Jordan Kotick, global head of technical strategy at Barclays, told CNBC, “We are about to head into the best seasonal time for the equity market.” Despite this seasonal tailwind, the market’s near-term direction may still depend on how Washington handles the pending budget and tax cliff. So far, the market seems to be pricing in a compromise that will avoid the worst-case scenario.

Beyond the fiscal cliff and a potential Santa Claus rally, what’s in store for the U.S. economy? Well, here’s a not-so optimistic take from famed money manager Jeremy Grantham:

The U.S. GDP growth rate that we have become accustomed to for over a hundred years – in excess of 3% a year – is not just hiding behind temporary setbacks. It is gone forever. Yet, most business people (and the Fed) assume that economic growth will recover to its old rates.

In his view, our economy will grow at a snail’s pace of about 1 percent per year after inflation for the next several decades. Without getting bogged down in details, his gloomy case rests on population and productivity changes.

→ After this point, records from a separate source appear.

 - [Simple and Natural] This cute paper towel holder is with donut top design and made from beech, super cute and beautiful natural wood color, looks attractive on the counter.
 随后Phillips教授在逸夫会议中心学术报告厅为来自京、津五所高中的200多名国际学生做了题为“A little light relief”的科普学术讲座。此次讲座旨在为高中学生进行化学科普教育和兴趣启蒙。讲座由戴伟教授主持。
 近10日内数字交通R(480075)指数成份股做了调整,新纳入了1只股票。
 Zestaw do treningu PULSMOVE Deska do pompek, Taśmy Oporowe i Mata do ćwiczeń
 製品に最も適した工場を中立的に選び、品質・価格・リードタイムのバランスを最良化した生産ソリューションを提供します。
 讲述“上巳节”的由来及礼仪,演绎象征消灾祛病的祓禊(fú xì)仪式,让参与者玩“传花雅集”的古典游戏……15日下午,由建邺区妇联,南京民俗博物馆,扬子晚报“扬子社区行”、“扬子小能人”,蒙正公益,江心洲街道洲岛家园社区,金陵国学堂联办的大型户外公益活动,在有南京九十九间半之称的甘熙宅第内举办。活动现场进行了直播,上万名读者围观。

However, there are some potential bright spots on the horizon. Please read the second half of this commentary to learn about one important part of our economy that could turn Grantham’s pessimistic view upside down.


THE YEARS 2020, 2030, AND 2035 could turn out to be pivotal years for the United States and the geopolitics of global energy. Here’s why. The International Energy Agency (IEA) predicts the following will happen by those years:

·         2020 – The U.S. will overtake Saudi Arabia as the world’s largest producer of crude oil.

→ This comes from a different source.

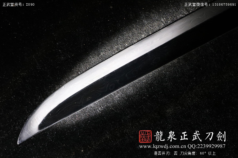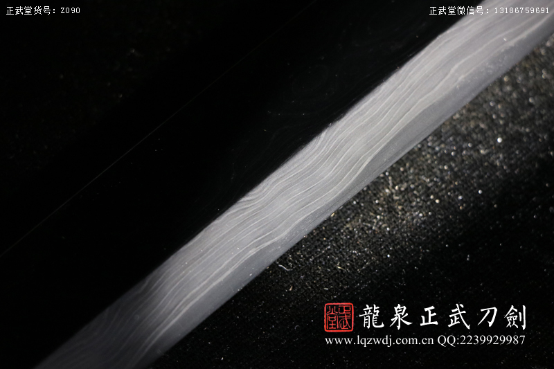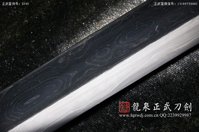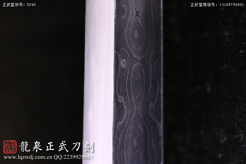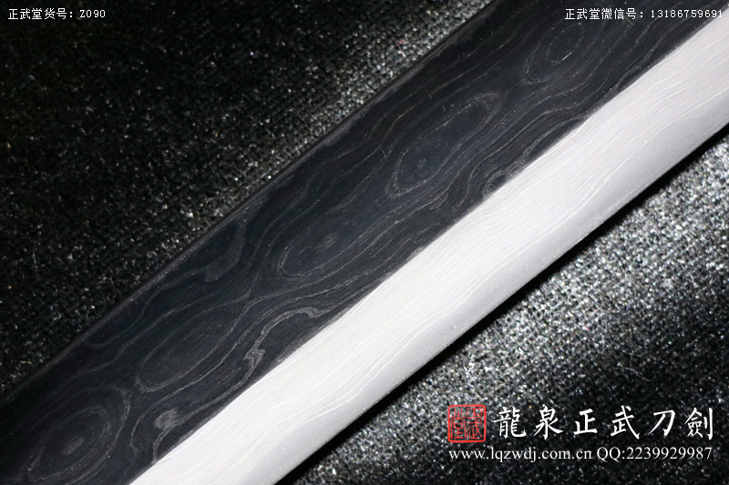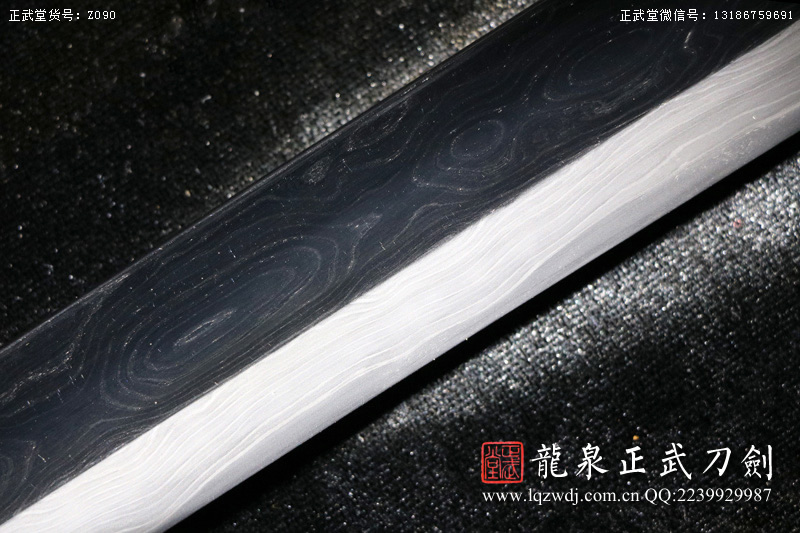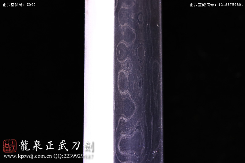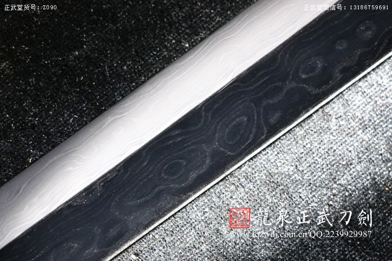 作品鍛造工藝說明:手工折疊鍛打花紋刀劍,折疊鍛打16000余層,夾鋼復(fù)合,刃身采用中等研磨工藝,硬度:58度。

·         2030 – The U.S. will become a net exporter of crude oil.

·         2035 – The U.S. will become effectively self-sufficient in meeting its total energy needs through domestic sources.

Source: International Energy Agency World Energy Outlook 2012

Today, the U.S. imports about 20 percent of its total energy needs. Can you imagine a world in which the U.S. is energy self-sufficient and not beholden to foreign energy sources? This could deliver a huge boost to our economy.

Five years ago, the IEA predicted the U.S. would pump 10.1 million barrels of oil per day by 2020. In this year’s report, the IEA’s new estimate is 11.1 million barrels per day by 2020. This projected increase in production is, “driven by the faster-than-expected development of hydrocarbon resources locked in shale and other tight rock that have just started to be unlocked by a new combination of technologies called hydraulic fracturing,” according to MarketWatch.

So, we have Jeremy Grantham stating the bear case for the U.S. economy then we have the IEA publishing a report that puts the U.S. in the driver’s seat for the world energy market in the next couple decades.

Now, here’s the thing. Both Grantham and the IEA are making long-range forecasts based on data available today. Yet, we know things can change just as the IEA raised its oil production estimate from 10.1 million barrels of oil per day to 11.1 million.

Trends take time to develop and then, all of a sudden, they could change due to some new technology – as in the case of  “fracking.” We do keep an eye on these long-term trends, but we also understand that investment decisions to buy and sell have to be made based on what’s happening now. This “bi-focal” approach is one of the many tools we use to manage your assets.
 

Weekly Focus – Really?

“Whoever said money can't buy happiness simply didn't know where to go shopping.”